The diet that works for the working Border Collie is not the same diet that will work for the Schnauzer, even if they weigh the same. If you owned both and followed your dog food label instructions they’d be getting the same amount of food. You’d probably start to notice a difference in their weight after awhile.
Diets should be personalized to meet the specific needs of the dog. One of the first places to start when making a change in your dogs diet is with a trip to the veterinarian. They can properly evaluate your dogs current condition and come up with a goal for your dogs ideal weight.
What to Do If Your Dog Needs to Lose Weight
With so many different varieties of dog food available it can be a bit overwhelming. If you’re already feeding a high quality dog food you don’t need to necessarily change the brand; you can change the amount you feed.

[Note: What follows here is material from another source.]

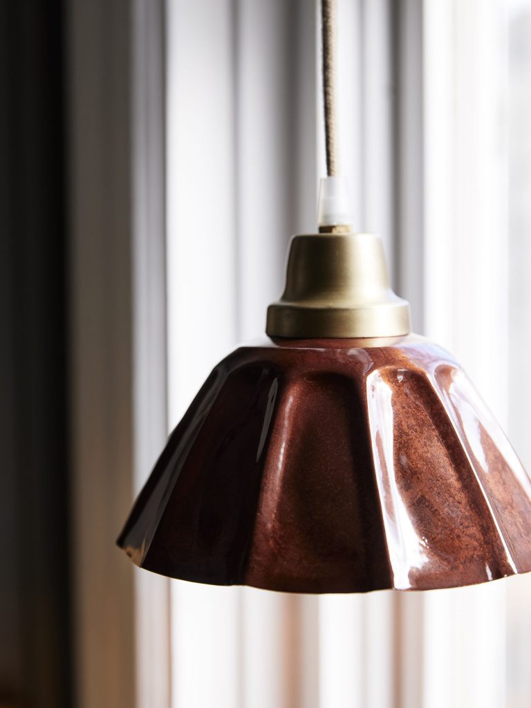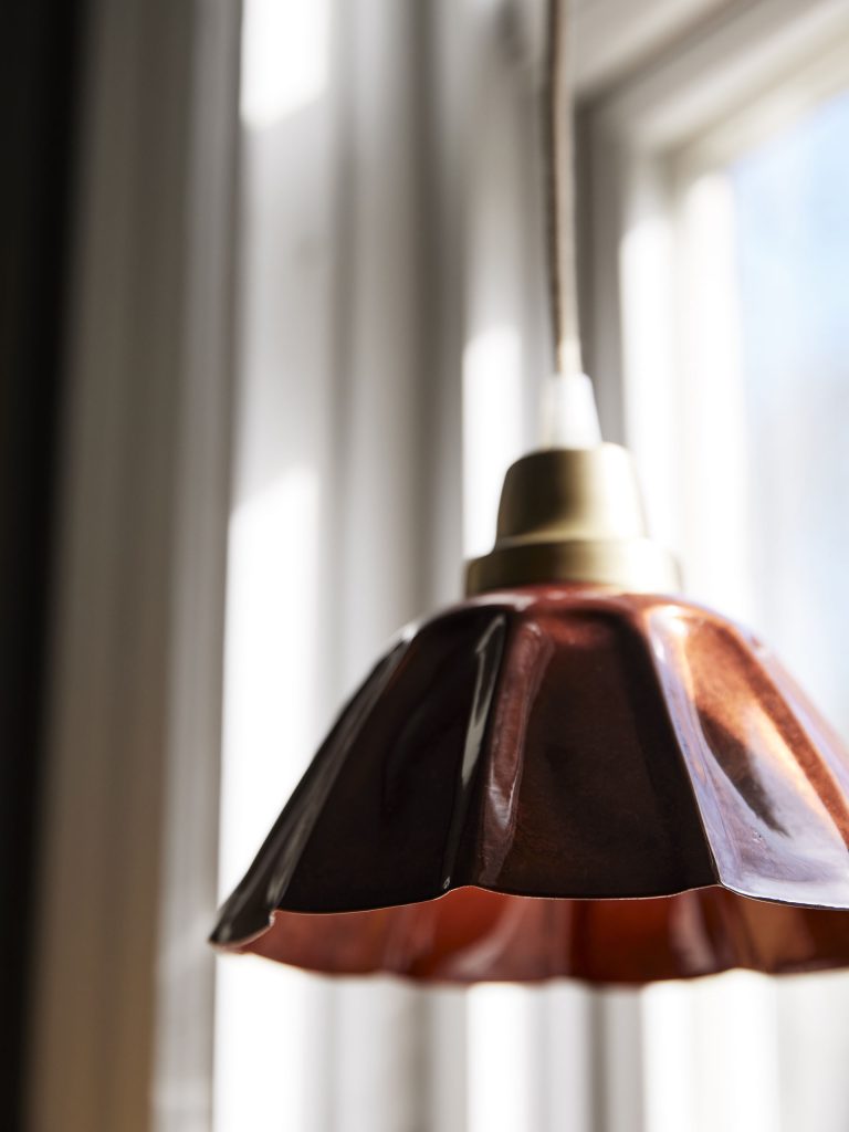 Ester on metallista valmistettu ikkunavalaisin, jossa on marmoria muistuttava emaloitu pinta. Vintage-tyylinen valaisin on väriltään terrakotta, yläosa antiikkimessingin värinen.
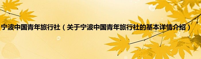 本文关于宁波中国青年旅行社的基本详情介绍就讲解完毕,希望对大家有所帮助。

Feeding your dog less is the goal, so don’t forget to count all treats when it comes to measuring your dogs daily caloric intake. And be sure to measure your dog’s food intake each day, whether by a measuring cup or scale. Us humans think we’re pretty good at estimating amounts, but we’re usually pretty bad at it. If you want to come up with a personalized diet to keep your dog lean you’re going to need to accurately measure out all of their meals and keep track of their weight.
We owe it to our dogs to keep them fit, they don’t know that their excess weight is unhealthy. I went through it with my own dog much to my surprise. Turns out feeding Laika 25% less helps her stay lean and fit.
Eating right and staying active aren’t just rules for a diet; they’re key to your dog’s overall wellbeing. Keeping your dog fit and lean increases the chance of your dog living a longer, healthier life.